Pity the poor immigrant. However long he has lived in his adopted home, whatever his good qualities, he will never be French.

They repelled–the Jews among them principally, the unassimilated Jews, that is to say, for with the other kind we are not concerned–those who could not endure any oddity or eccentricity of appearance (as Bloch repelled Albertine). Generally speaking, one realised afterwards that , if it could be held against them that their hair was too long, their noses and eyes were too big, their gestures abrupt and theatrical, it was puerile to judge them by this, that they had plenty of wit and good-heartedness, and were men to whom, in the long run, one could become closely attached. (III,559)

But in Saint-Loup, when all was said, however the faults of his parents had combined to create a new blend of qualities, there reigned the most charming openness of mind and heart. And whenever (it must be allowed to the undying glory of France) these qualities are found in a man who is purely French, whether he belongs to the aristocracy or the people, they flower–flourish would be too strong a word, for moderation persists in this field, as well as restriction–with a grace which the foreigner, however estimable he may be,does not present to us. Of these intellectual and moral qualities others undoubtedly have their share, and, if we have first to overcome what repels us and what makes us smile, they remain no less precious. But it is all the same a pleasant thing, and one which is perhaps exclusively French, that what is fine in all equity of judgment, what is admirable to the mind and the heart, should be first of all attractive to the eyes, pleasingly coloured, consummately chiselled, should express as well in substance as in form an inner perfection. I looked at Saint-Loup….the curves of the nostrils are as delicate and as perfectly designed as the wings of the little butterflies that hover over the field-flowers round Combray….(III,560) 
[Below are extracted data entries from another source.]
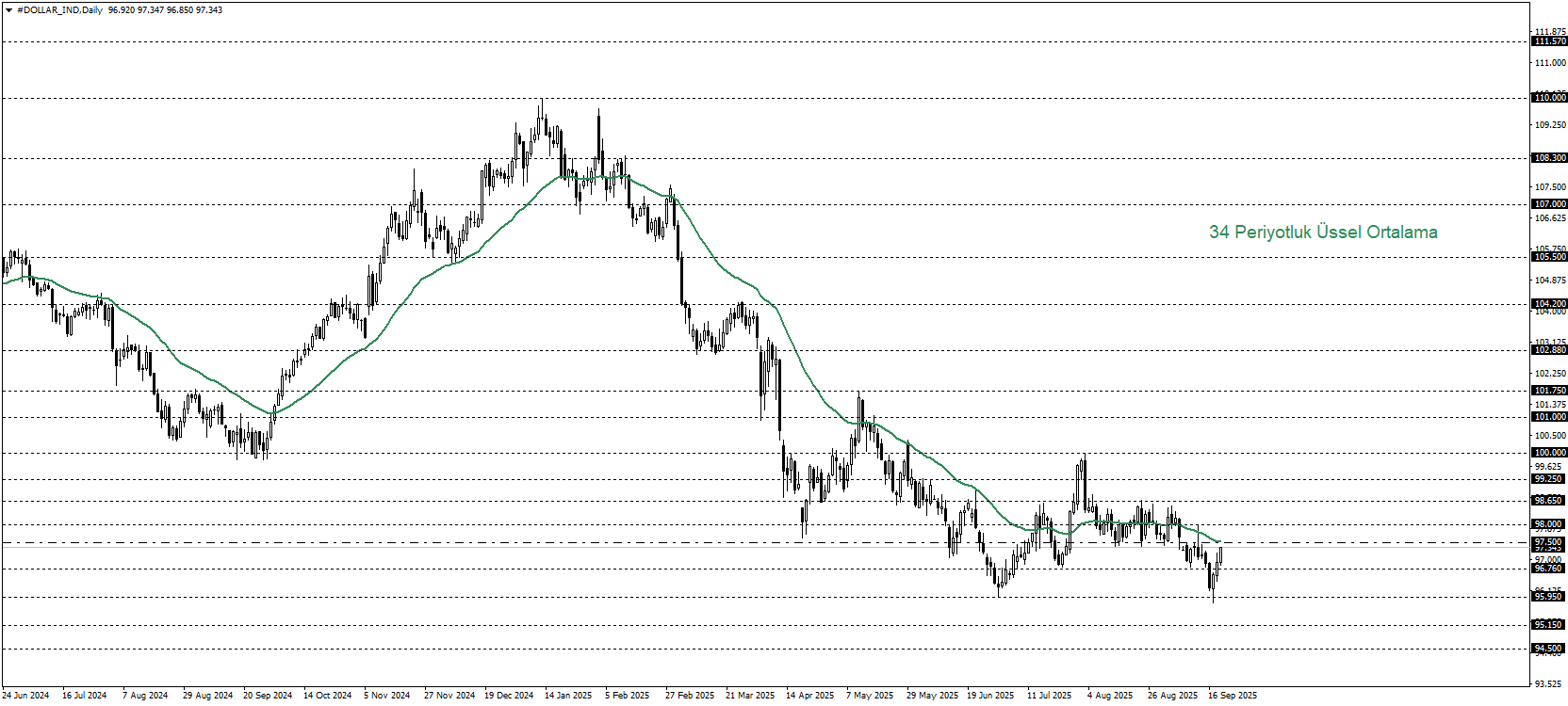 Klasik Dolar Endeksi, güncel tabloda sınırlı bir toparlanma hareketi içerisinde 97,10 seviyelerinde negatif bir görünüm sunuyor. 34 Periyotluk ortalamanın ve 97,50 güçlü direnç seviyesinin altında kalması aşağı yönlü hareketi destekleyebilir. 97,50 seviyesinin altındaki kalıcılık 96,76 destek seviyesini hedefleyebilir. 96,76 destek seviyesi kırılırsa fiyat hız kazanarak 95,95 destek seviyelerine hareketi derinleşebilir. Alternatif senaryoda, Dolar Endeksi 97,50 seviyesinin üzerinde kalıcılık sağlarsa 98,00 direncini hedefleyebilir, bu seviye de aşılırsa 98,65 direnç niteliğinde takip edilebilir. Orta vadede 97,5 üstü kalıcılık sağlaması tekrar 100 direnci gündeme gelebilir.
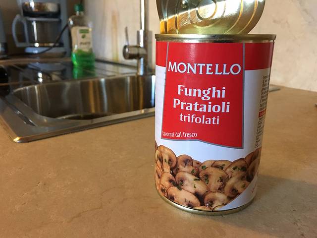 超市很小,基本上只能买到些基本的蔬菜,和非常好吃的牛肉。当然自己烧饭离不开要有油盐酱醋,这里说下买油,去超市可以买下面这种蘑菇罐头,自带很多蘑菇油,可以烧好几顿,里面的蘑菇又可以拿来炒菜,非常方便。
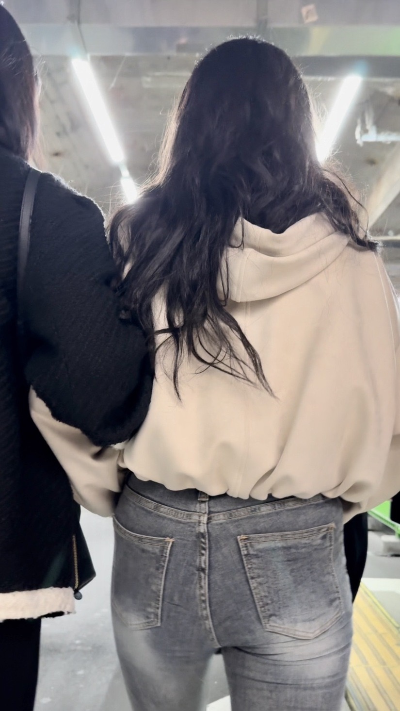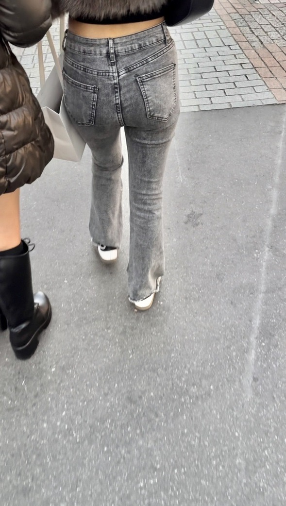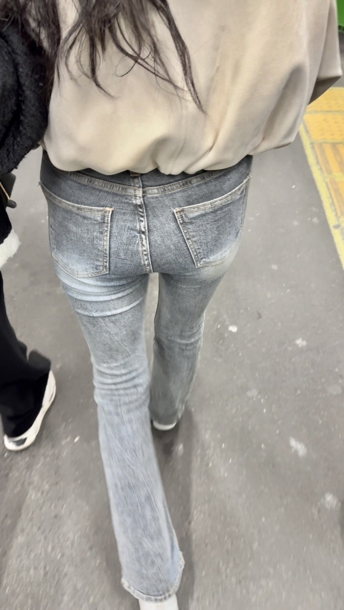 2人目は淡いグレーのピチピチフレアデニムのお姉さん!

Yet we have learned that certain personal traits can mar even this near-perfect visage. Saint-Loup tells Marcel that he informed Bloch that Marcel “didn’t like him all that much.”

Whatever it was, his face was seared, while he uttered these vulgar words, by a frightful sinuosity which I saw on it once or twice only in all the time I knew him, and which, beginning by runing more or less down the middle of his face, when it came to his lips twisted them, gave them a hideous expression of baseness, almost of bestiality, quite transitory and no doubt inherited. (III,547)

Is there something we don’t know about Robert?

But the Prince de Foix, who was himself rich, belonged not only to this fashionable set of fifteen or so young men, but to a more exclusive and inseparable group of four, which included Saint-Loup. These were never asked anywhere separately, they were known as the four gigolos, they were always to be seen riding together, and in country houses their hostesses gave them communicating bedrooms, with the result that, especially as they were all four extremely good-looking, rumours were current as to the extent of their intimacy. (III,55)

Little wonder that Gide complained that Proust, for all his giving prominence to homosexuals in his novel, never portrayed their experience in a positive light. (Give me a moment and I will find examples of heterosexuals portrayed positively.)